Task inputs:
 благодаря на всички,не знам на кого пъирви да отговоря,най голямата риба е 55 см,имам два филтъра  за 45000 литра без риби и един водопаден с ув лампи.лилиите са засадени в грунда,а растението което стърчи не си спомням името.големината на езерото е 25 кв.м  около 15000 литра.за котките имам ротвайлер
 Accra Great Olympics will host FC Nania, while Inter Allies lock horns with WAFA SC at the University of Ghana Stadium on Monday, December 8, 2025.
---
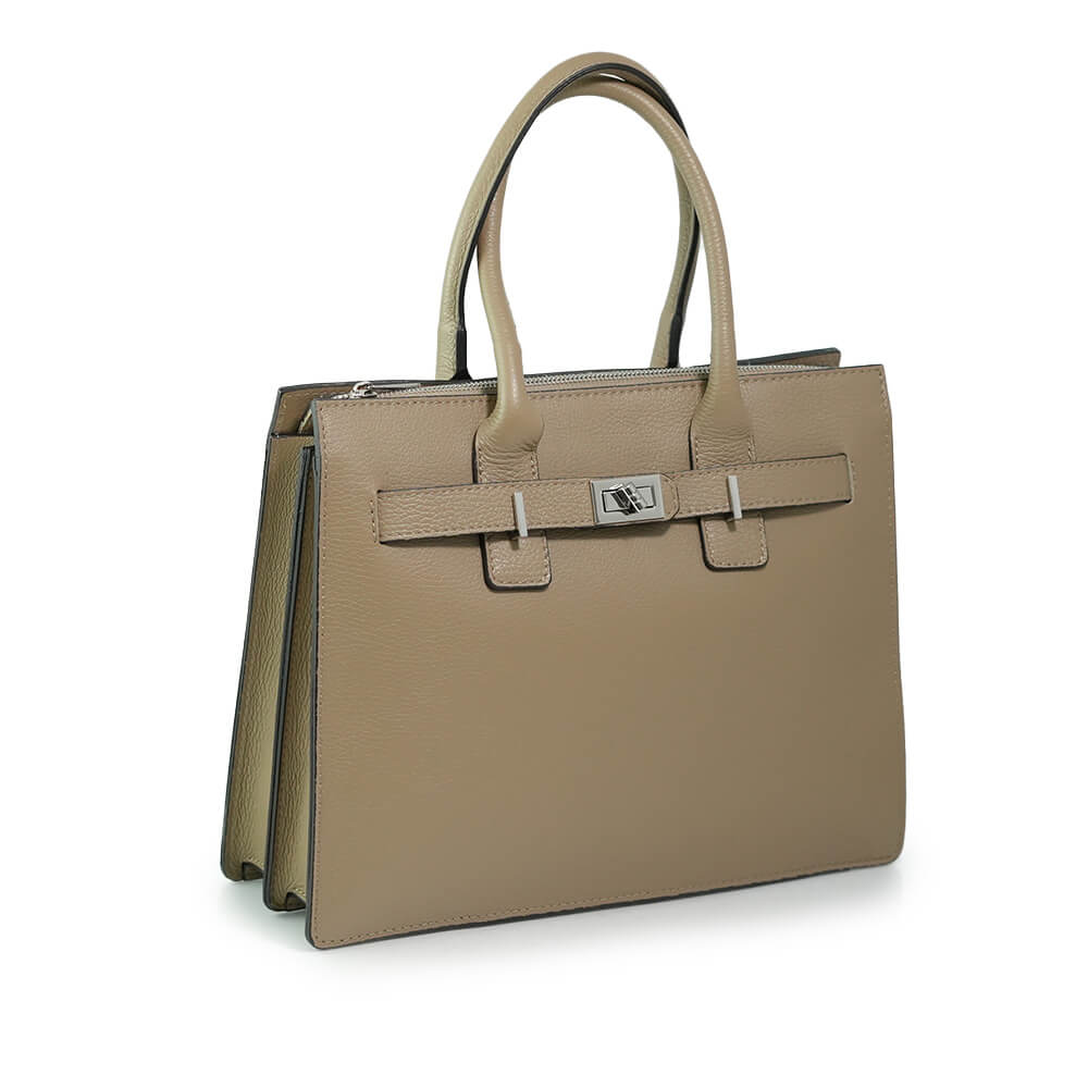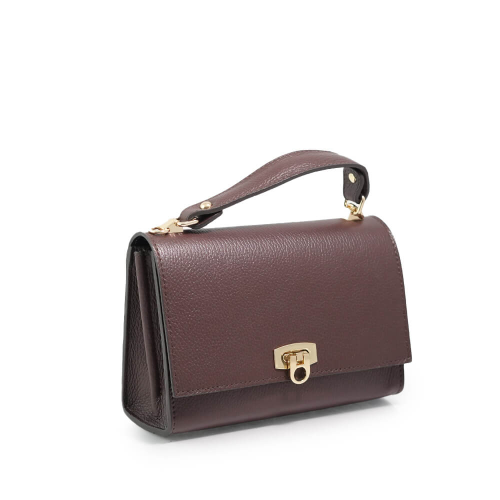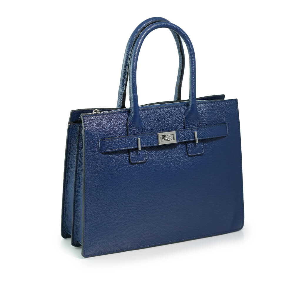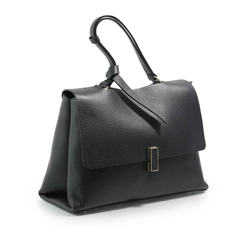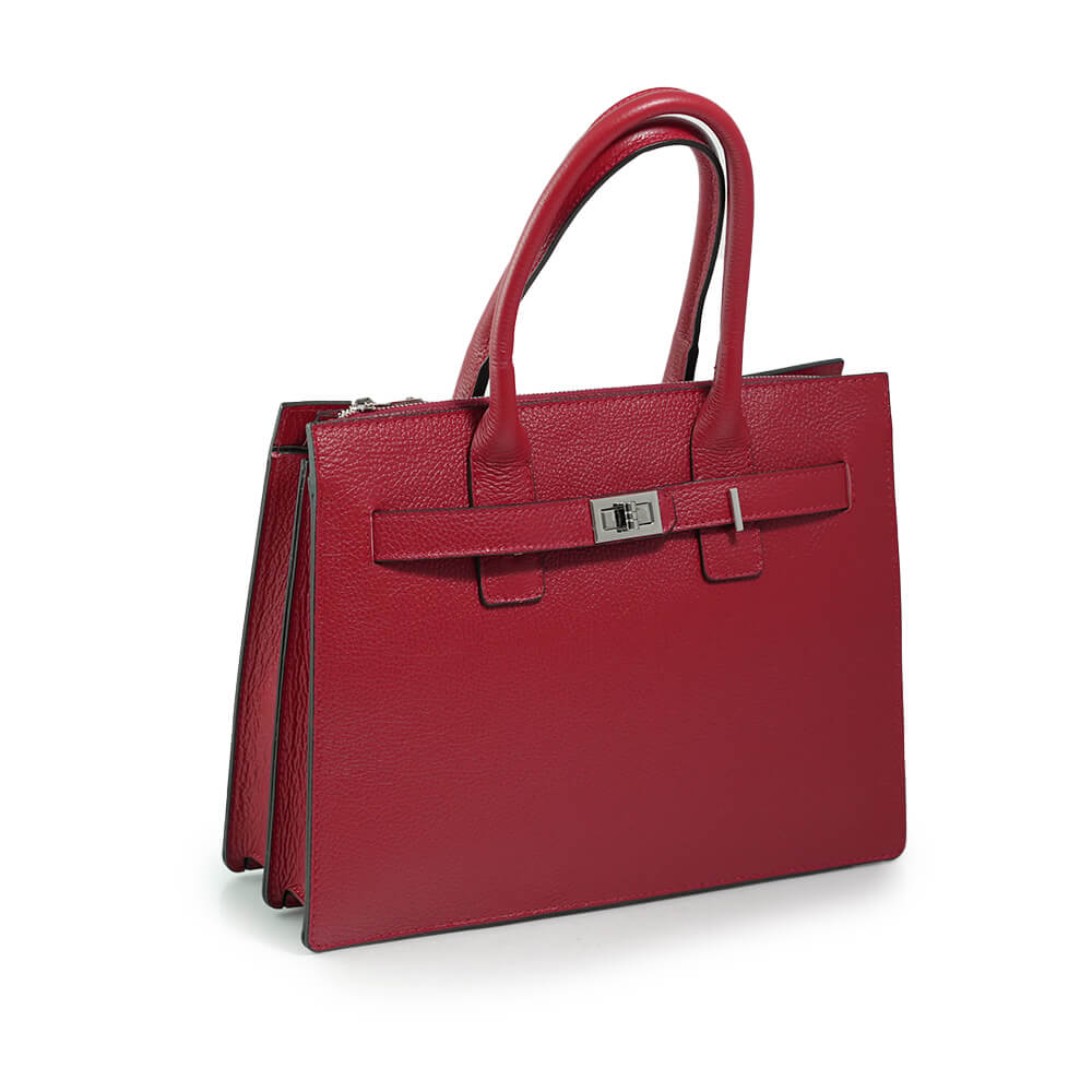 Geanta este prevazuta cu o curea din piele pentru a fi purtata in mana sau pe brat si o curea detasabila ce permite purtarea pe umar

Instructions to follow: Going down the listing above, begin printing at the line with "благодаря на всички,не" and finish with the line with "Accra Great Olympics", exactly as they appear.

Exercise answer:
 благодаря на всички,не знам на кого пъирви да отговоря,най голямата риба е 55 см,имам два филтъра  за 45000 литра без риби и един водопаден с ув лампи.лилиите са засадени в грунда,а растението което стърчи не си спомням името.големината на езерото е 25 кв.м  около 15000 литра.за котките имам ротвайлер
 Accra Great Olympics will host FC Nania, while Inter Allies lock horns with WAFA SC at the University of Ghana Stadium on Monday, December 8, 2025.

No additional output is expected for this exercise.